Storage Backends

SpyWeb is designed to be self-contained and portable, requiring no external database server like PostgreSQL or MySQL. It uses an embedded database stored in a single data file. Choose between two backends at download time.

At a Glance

Feature	KV (redb, default)	SQL (SQLite)
Binary Size	~7MB	~8MB
Philosophy	Minimalist & Zero-Configuration	Transparent & Queryable
Performance	High (Low overhead)	Moderate (WAL optimized)
External Access	None (Internal format)	Any SQLite tool
Lua SQL Support	No	Yes (`db_query`, `db_exec`)
Concurrency	Multi-reader, Single-writer	Serialized (Mutex)
Data Format	Key-Value (B-Tree)	Relational (SQL)

redb (Default)

High-performance, type-safe embedded key-value store.

When to use it:

Zero-maintenance, hands-off storage
Only need data in the Web Dashboard or Webhooks
Don’t need custom SQL queries
Prefer an internal-only data format

File: data (single binary file in working directory) Format: JSON strings keyed by (job_id, reversed_timestamp)

SQLite (Full Database Control)

Available in the -sql build variants.

When to use it:

Total control over data structure with custom tables
Use external tools (DBeaver, TablePlus, sqlite3)
Complex Lua logic with raw SQL (JOINs, aggregations)
Store and relate scraped data with custom state

Files: data, data-wal (WAL), data-shm (Shared Memory) Performance: Configured with PRAGMA journal_mode=WAL and PRAGMA synchronous=NORMAL

Database Schema

Three primary tables:

records - job_id (string), rev_ts (nanosecond timestamp, records ordered newest-first), json (full record as JSON)
seen - Deduplication hashes for avoiding duplicate records
lua_user - Persistent key-value state backing store_* / global_store_*

Lua SQL Bindings

db_query(sql, [params]) - Executes a SELECT statement and returns an array of tables
db_exec(sql, [params]) - Executes any SQL statement (INSERT, UPDATE, DELETE, CREATE) and returns the number of rows affected

-- db_query: SELECT, returns array of tables
local rows = db_query("SELECT json FROM records WHERE job_id = ? LIMIT 5", { "my-job" })
for _, row in ipairs(rows) do
    local data = json_decode(row.json)
    print(data.title)
end

-- db_exec: any SQL, returns rows affected
db_exec([[
    CREATE TABLE IF NOT EXISTS markers (
        id TEXT PRIMARY KEY,
        val INTEGER
    )
]])

function on_finished()
    db_exec("INSERT OR REPLACE INTO markers (id, val) VALUES (?, ?)", { "last_page", 10 })
end

Shared Task Queue Example

Use a database table as a shared work queue across multiple workers. A dedicated “Discovery” job can populate the queue for other jobs to process.
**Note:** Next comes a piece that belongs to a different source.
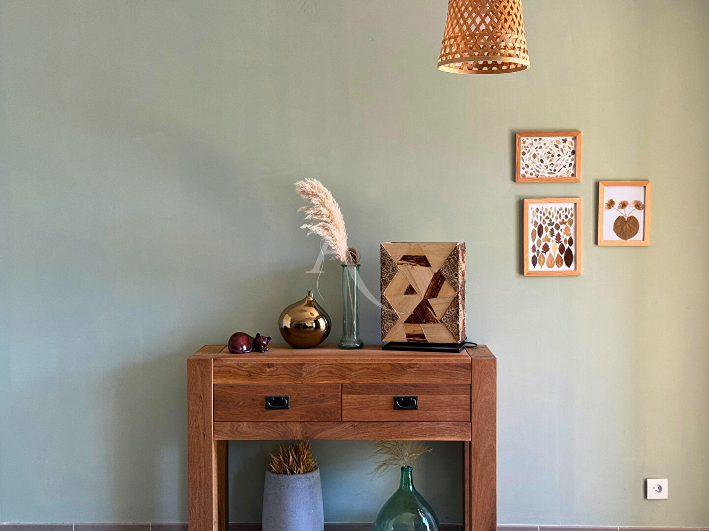 L'entrée s'ouvre sur un vaste séjour traversant, lumineux et climatisé, donnant accès à une première terrasse de 15 m² et un jardin intimiste. La cuisine américaine, entièrement meublée et équipée, s'intègre parfaitement à l'espace de vie.

1. Initialize the Schema - CREATE TABLE IF NOT EXISTS queue ensures the table exists on every load:

-- Top-level: runs once at load time (startup/reload)
db_exec([[
    CREATE TABLE IF NOT EXISTS queue (
        id TEXT PRIMARY KEY,
        url TEXT NOT NULL,
        status TEXT DEFAULT 'pending'
    )
]])

-- For fresh databases, seed with initial URLs
db_exec([[
    INSERT OR IGNORE INTO queue (id, url) VALUES
        ('task-1', 'https://example.com/page/1'),
        ('task-2', 'https://example.com/page/2')
]])

2. Worker Pick & Lock - Each worker atomically claims the next pending task:

function before_fetch(request, ctx)
    local rows = db_query([[
        UPDATE queue SET status = 'processing'
        WHERE id = (SELECT id FROM queue WHERE status = 'pending' LIMIT 1)
        RETURNING id, url
    ]])
    if #rows == 0 then return nil end
    request.url = rows[1].url
    ctx.shared.current_task_id = rows[1].id
    return request
end

3. Mark Completion - Track success or failure per task:

function on_finally(ctx)
    local task_id = ctx.shared.current_task_id
    if not task_id then return end
    local final_status = ctx.telemetry.map.fetch.status == "success" and "completed" or "failed"
    db_exec("UPDATE queue SET status = ? WHERE id = ?", { final_status, task_id })
end

Limitations

The two backends are not binary compatible. You cannot point the redb version at an SQLite data file or vice versa. Export/import manually if switching.